Может быть, гордость – самое верное средство удержать слезы, подумал он, которые любую другую женщину довели бы до истерики.
Он восхищался княжной, когда во время обеда она рассказывала о своем отце, о том, как много он для нее значил в детстве, как даже в худшие годы их скитаний она была счастлива, потому что он был рядом с нею.
Несколько раз голос княжны задрожал, а ее мужество и гордость в глазах герцога придавали ей особую прелесть.
Когда они пообедали и княжна должна была его покинуть, как она обычно делала, возвращаясь к своему отцу, она сникла и приуныла.
Чуткий герцог понял, что, спустившись к себе, она будет остро ощущать пустоту соседней каюты.
– Я иду на мостик, – сказал он. – Почему бы вам не пойти со мной? Я бы показал вам, как мы управляем «Сиреной».
– Я пойду с вами, – ответила Милица.
– Возьмите с собой пальто, – сказал герцог. – Кажется, что сейчас тепло, но средиземноморский ветер в это время года бывает довольно коварным.
Она растерянно замешкалась, и он послал стюарда в ее каюту принести пальто.
Он перекинул его через руку, и они направились к мостику.
Какая она изящная и хрупкая, думал он. Жизнь наносит ей удар за ударом, и большинство женщин наверняка оплакивали бы свою судьбу в подобной ситуации, пытаясь вызвать сочувствие к себе, а она держится так, как он и сам, возможно, не смог бы.
Как он и предвидел, она очень заинтересовалась управлением судном, и после этого он повел ее вниз показать двигатели.
Когда они расставались, он подумал, что она, возможно, не сумеет поужинать с ним, но княжна ничего не сказала.

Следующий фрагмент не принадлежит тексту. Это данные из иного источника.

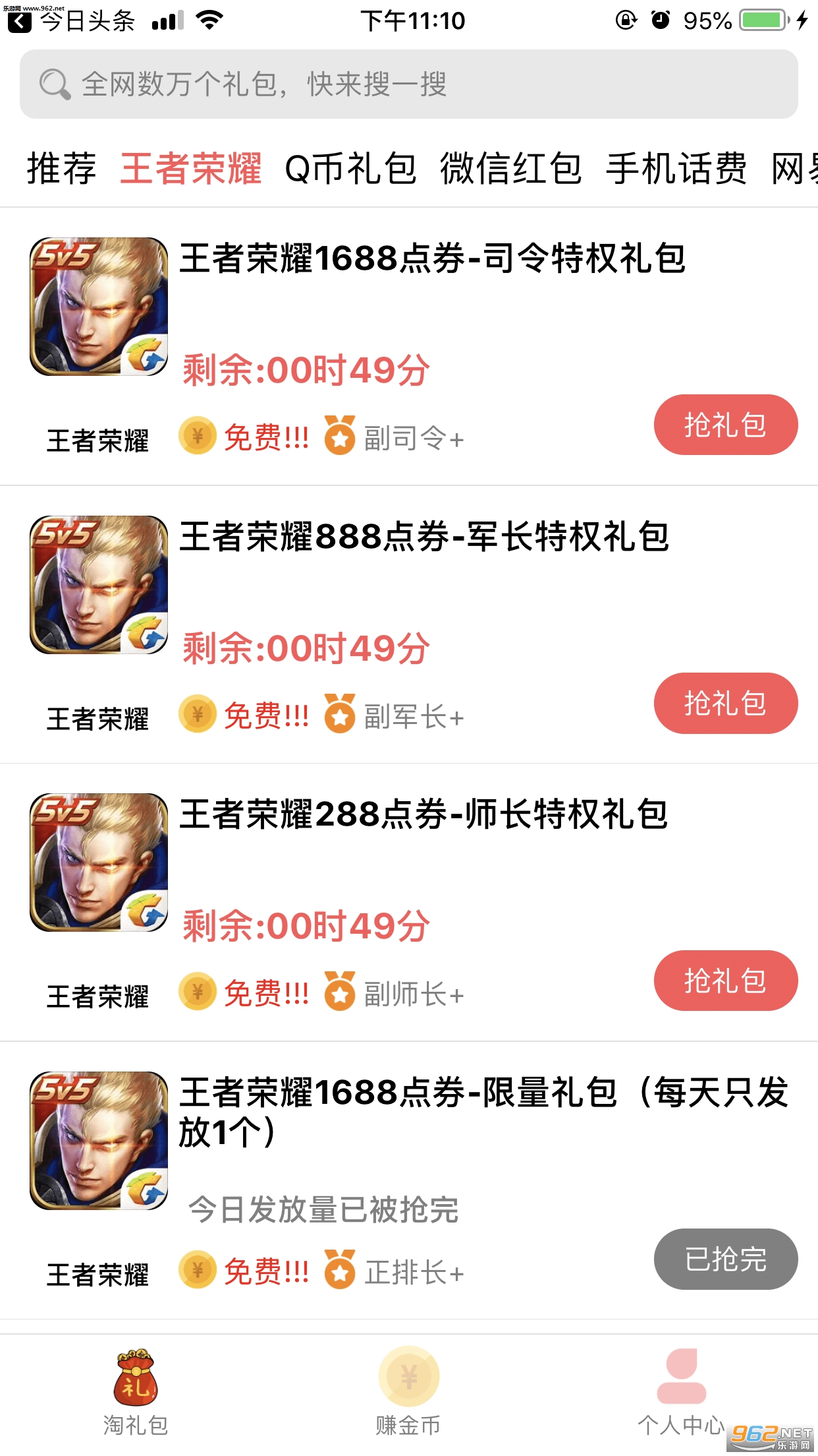 3.各类热门的游戏礼包这里都覆盖了,王者荣耀、qq飞车、跑跑卡丁车以及王牌战士等都有。
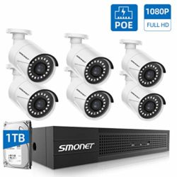 PoE Security Camera System,SMONET 8 Channel 1080P PoE NVR Surveillance System with 1TB Hard Drive, 6X Wired Onvif 1080P Outdoor IP Cameras IP66,NVR Kits Plug and Play,7/24 Recording,Remote Monitoring
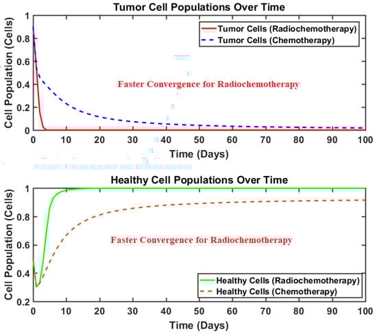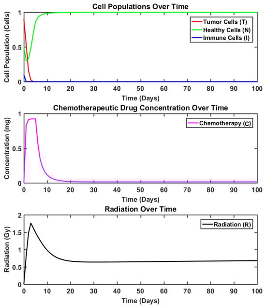 The ordinary differential equations (ODEs)-based tumor-mathematical model utilized by this study encapsulates the intricate interactions among different cell populations and the applied treatment procedures. This model extends prior ODE-based tumor dynamics by incorporating the simultaneous impact of radiotherapy and chemotherapy [,]. The following state variables are considered in this model:
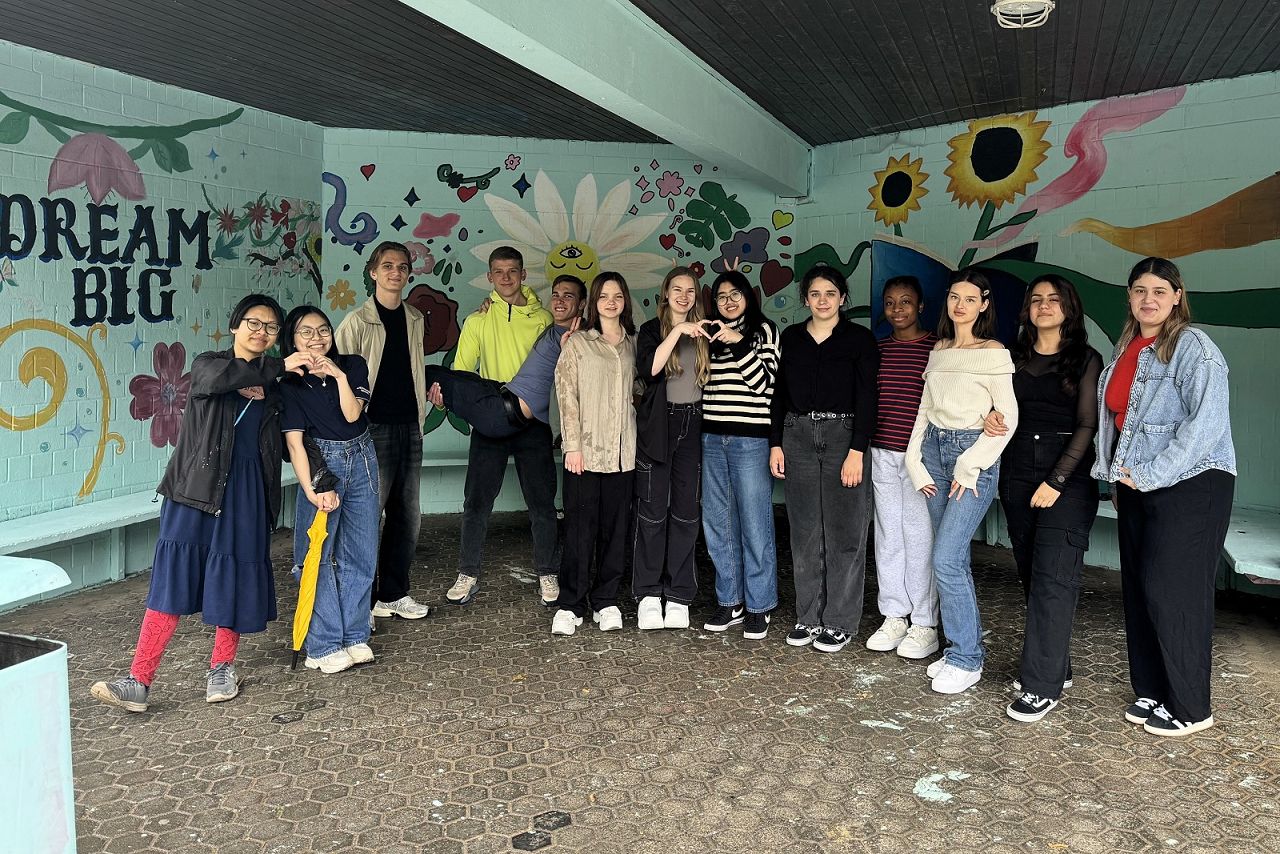 Yaren entschied sich in ihrem Projekt dazu, die Bushaltestelle an unserem Busbahnhof, gemeinsam mit Internatsschülerinnen und Internatsschülern aus unterschiedlichen Nationen, künstlerisch neu zu gestalten. Das Besondere dieses Vorhabens war die gelungene Kombination aus Kreativität und gelebter Integration. Dass dieses Projekt den Beteiligten großen Spaß machte, können die Bilder der jungen Künstler bezeugen. Die Ausführung erfolgte in Zusammenarbeit mit dem Stadtbürgermeister der Stadt Neuerburg, Lothar Fallis, der auch die benötigten Materialien bereitstellte. Yaren stellte mit dieser Maßnahme ihre eigenverantwortlichen Projektmanagementfähigkeiten zum Abschluss ihres Anerkennungsjahres unter Beweis!
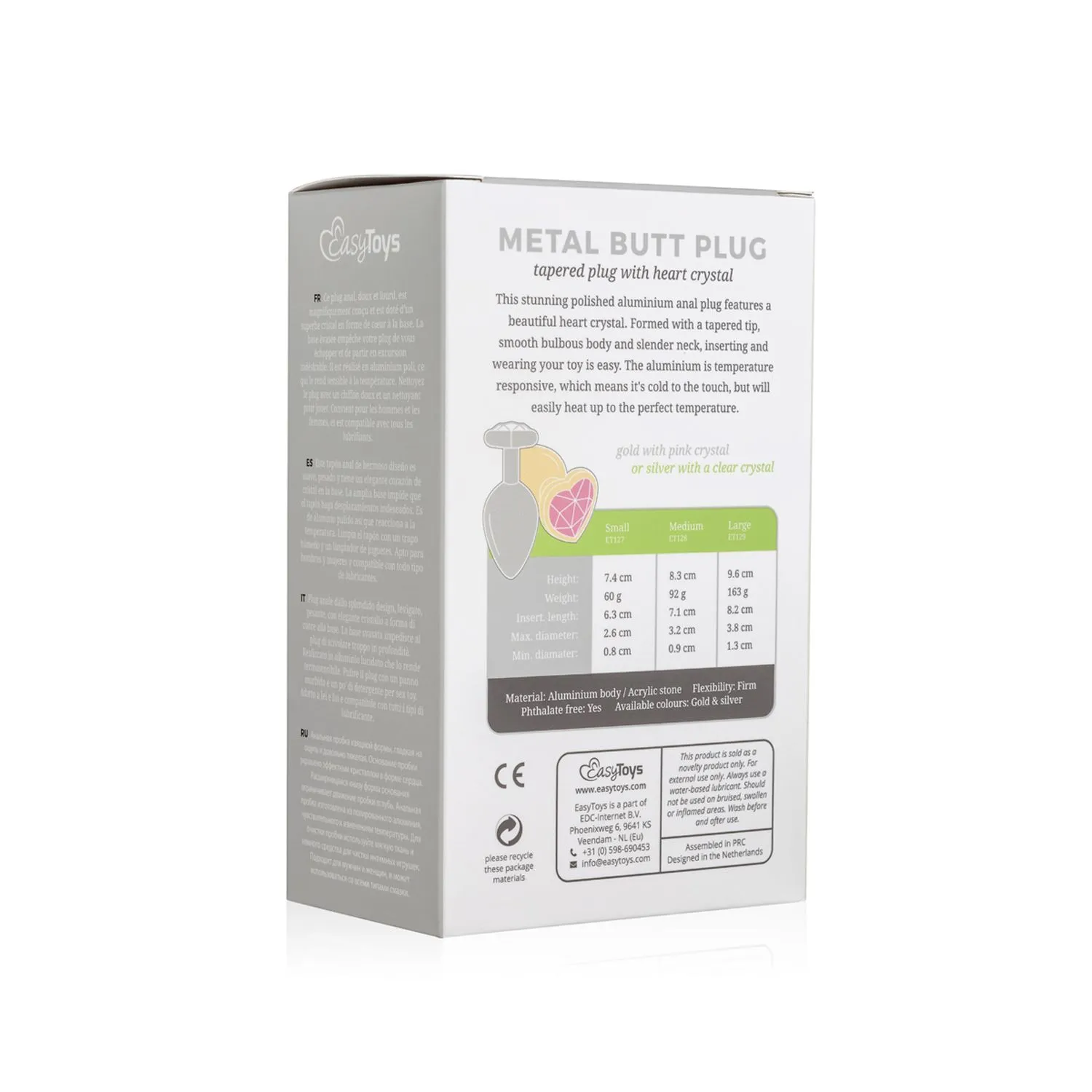 Verleidelijke, zilverkleurige buttplug met transparant hartje van EasyToys Anal Collection. Dit speeltje is perfect voor een liefdevol samenspel met je partner. Breng de buttplug bij je partner of jezelf in en geniet van het kristallen hartje dat tussen de billen pronkt. Met deze plug laten jullie je liefde en geilheid voor elkaar zien. De plug heeft een glad middenstuk met een taps toelopende top. Maak de seks extra sensueel door de buttplug met je geliefde af te wisselen. Vergeet dan niet om hem tussendoor hygiënisch schoon te maken.

В каюте его стало клонить ко сну после почти бессонной ночи, и герцог проспал до самого ужина.
Он ждал Милицу в салоне, когда появился Доукинс и сказал:
– Ее светлость крепко спит, и мне кажется, не стоило бы будить ее, ваша светлость.
– Да, конечно, – согласился герцог. – Пусть она поспит. Сон для нее сейчас лучшее лекарство.

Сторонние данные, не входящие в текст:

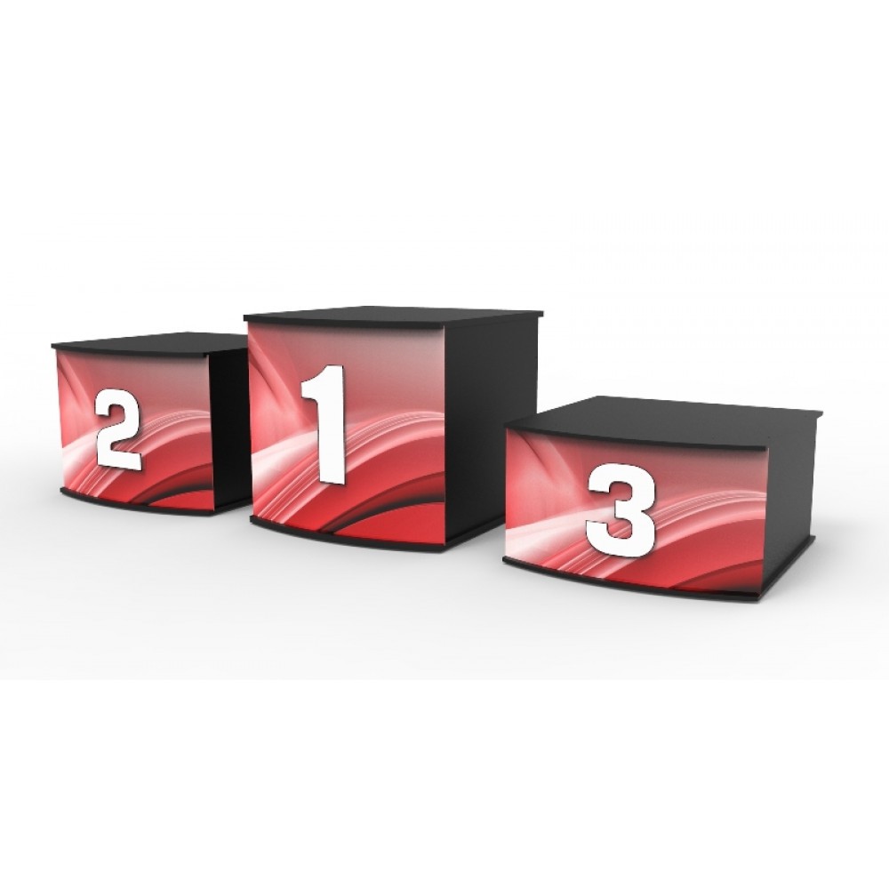 Каркас наградного подиума выполнен из влагостойкой фанеры, толщиной 15 мм. Передняя часть пьедестала имеет облицовку, выполненную из пластика ПВХ толщиной 4 мм., с нанесением полноцветной УФ-печати высокого качества. Пластиковая облицовка съемная - по желанию, Клиент может нанести свое индивидуальное изображение. Более того, смена пластиковой облицовки не требует полной разборки пьедестала. В стандартном исполнении настил пьедестала - ковролин, толщиной 3 мм. Возможен выбор цвета ковролина: серо-черный / зеленый / синий.
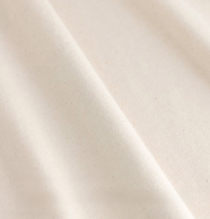 Natural Raw ist die natürliche Farbe der Baumwolle, ohne zusätzliche Färbung. Der Ton bewegt sich zwischen einem zurückhaltenden Creme- und Off-White-Beige. Da der Stoff unbehandelt ist, können kleine Fasereinschlüsse sichtbar bleiben – sie gehören zum Material und zeigen seinen ursprünglichen Charakter.

На следующий день Милица сильно извинялась.
– Мне так жаль, что я не смогла составить вам компанию, – сказала она, – ведь вы говорили, что, не любите ужинать в одиночестве.
– Это совершенно понятно в вашем положении, – ответил герцог. – Вы же так устали.

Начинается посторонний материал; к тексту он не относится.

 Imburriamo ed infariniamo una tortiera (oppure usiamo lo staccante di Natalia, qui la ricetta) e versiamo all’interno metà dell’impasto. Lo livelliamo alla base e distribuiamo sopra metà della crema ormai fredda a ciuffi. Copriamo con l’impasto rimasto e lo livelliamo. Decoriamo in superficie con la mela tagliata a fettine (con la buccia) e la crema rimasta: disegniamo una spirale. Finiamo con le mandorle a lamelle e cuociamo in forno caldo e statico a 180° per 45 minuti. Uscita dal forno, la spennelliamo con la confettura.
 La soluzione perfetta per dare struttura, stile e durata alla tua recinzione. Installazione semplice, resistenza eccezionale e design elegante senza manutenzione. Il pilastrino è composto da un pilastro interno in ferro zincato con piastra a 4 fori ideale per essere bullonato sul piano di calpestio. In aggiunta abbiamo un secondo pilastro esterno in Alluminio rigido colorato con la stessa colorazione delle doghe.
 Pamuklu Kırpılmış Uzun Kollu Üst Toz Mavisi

– Я проспала до самого утра, пока Доукинс не пришел-с чаем и не разбудил меня утром.
Герцог рассказал ей, как тоже заснул у себя в каюте до самого ужина. Она тихо рассмеялась.
– Почему вы смеетесь? – спросил он.
– Просто невероятно вдруг обнаружить, что и у вас есть человеческие слабости. Вы всегда казались мне таким сильным, почти всемогущим, и я не могла себе представить, что вы способны простудиться или же уколоть палец, из которого пошла бы кровь.
Герцог рассмеялся и подумал, что Милица впервые говорит с ним в шутливом тоне.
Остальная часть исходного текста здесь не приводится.